WirelessNetworkSecurityAlthough the name seems to be a security option for wired networks, this is not the case. The WEP standard has been created in the early stages of wireless networks and is designed to become a necessary security protection layer for WLAN in Wireless LAN. However, the performance of WEP is undoubtedly disappointing. It is rooted in design defects.
In WEP systems, data transmitted over wireless networks is encrypted using a random key. However, the method WEP uses to generate these keys is quickly discovered to be predictable, so that it is easy for potential intruders to intercept and crack these keys. Even a medium-tech wireless hacker can quickly crack WEP encryption within two to three minutes.
The IEEE 802.11 dynamic Wired Equivalent Security WEP model was designed later in 1990s. At that time, powerful wireless network encryption as an effective weapon was severely restricted by the U.S. exports. Wireless Network products are banned from being exported due to fear of cracking powerful encryption algorithms. However, two years later, the dynamic Wired Equivalent security mode was found to have serious disadvantages. However, the 1990s error should not be caused by wireless network security or IEEE 802.11 standard. The wireless network industry cannot wait for the association of Electrical and Electronics Engineers to revise the standard, so they launched the temporary Key Integrity Protocol TKIP dynamic Wired Equivalent security patch version ).
Although WEP has been proven to be outdated and inefficient, it is still supported in many modern wireless access points and routers. In addition, it is still one of the most popular encryption methods used by individuals or companies. If you are using WEP wireless network encryption, if you pay great attention to the security of your network, do not use WEP as much as possible in the future, because it is really not very secure.
Wireless Networks initially adopted the security mechanism WEP Wired Equivalent private), but later found that WEP was insecure. 802.11 organizations began to develop new security standards, that is, the later 802.11i protocol. However, it takes a long time for the establishment of standards to the final release, and considering that consumers will not give up their original wireless devices for the sake of network security, before the launch of the Wi-Fi Alliance standard, based on the draft 802.11i, a security mechanism called WPAWi-Fi Procted Access is developed, which uses the TKIP temporary Key Integrity Protocol ), it uses the encryption algorithm RC4 used in WEP, so it does not need to modify the hardware of the original wireless device. WPA has the following problems in WEP: IV is too short, key management is too simple, and there is no effective protection for message integrity. The network security is improved through software upgrade.
The appearance of WPA provides users with a complete authentication mechanism. The AP determines whether to allow users to access the wireless network based on the user's authentication results; after successful authentication, You can dynamically change the encryption key of each access user based on the number of data packets transmitted in multiple ways and the time when the user accesses the network. In addition, perform MIC encoding on the data packets transmitted by the user over the wireless network to ensure that the user data is not changed by other users. As a subset of the 802.11i standard, the core of WPA is IEEE802.1x and TKIPTemporal Key Integrity Protocol ).

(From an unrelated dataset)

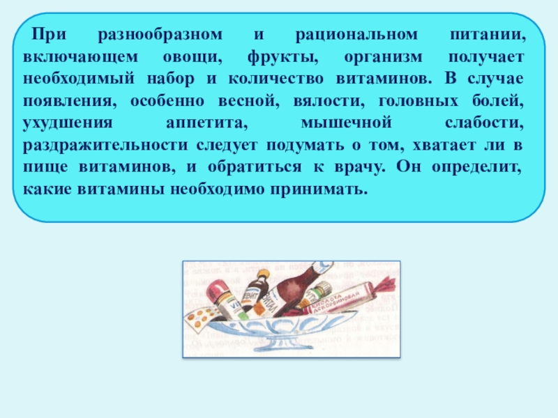 набор и количество витаминов. В случае появления, особенно весной, вялости, головных болей, ухудшения аппетита, мышечной слабости, раздражительности следует подумать о том, хватает ли в пище витаминов, и обратиться к врачу. Он определит, какие витамины необходимо принимать.

WPA considers different users and different application security needs, for example, enterprise users require high security protection for enterprise-level enterprises. Otherwise, it may expose very important commercial secrets; home users usually only use the network to browse the Internet, send and receive E-mail, print, and share files. These users have relatively low security requirements. To meet the needs of users with different security requirements, WPA specifies two application modes: Enterprise mode, and home mode, including small office ).
Based on the two different application modes, WPA authentication also has two different methods. For applications of large enterprises, "802.1x + EAP" is often used, and users provide the creden。 required for authentication. However, for some small and medium-sized enterprise networks or home users, WPA also provides a simplified mode that does not require dedicated Authentication servers. This mode is called "WPA pre-shared key WPA-PSK)", which requires only one key in advance at each WLAN node AP, wireless router, Nic, etc.
This key is only used for authentication, not for wireless network encryption for data transmission. The data encryption key is dynamically generated after authentication. The system will ensure "one user and one password". There is no situation where the entire network shares an encryption key like WEP, therefore, the system security is greatly improved.
The Analysis of Network Security Classification in wireless network encryption is over. I hope you can understand it.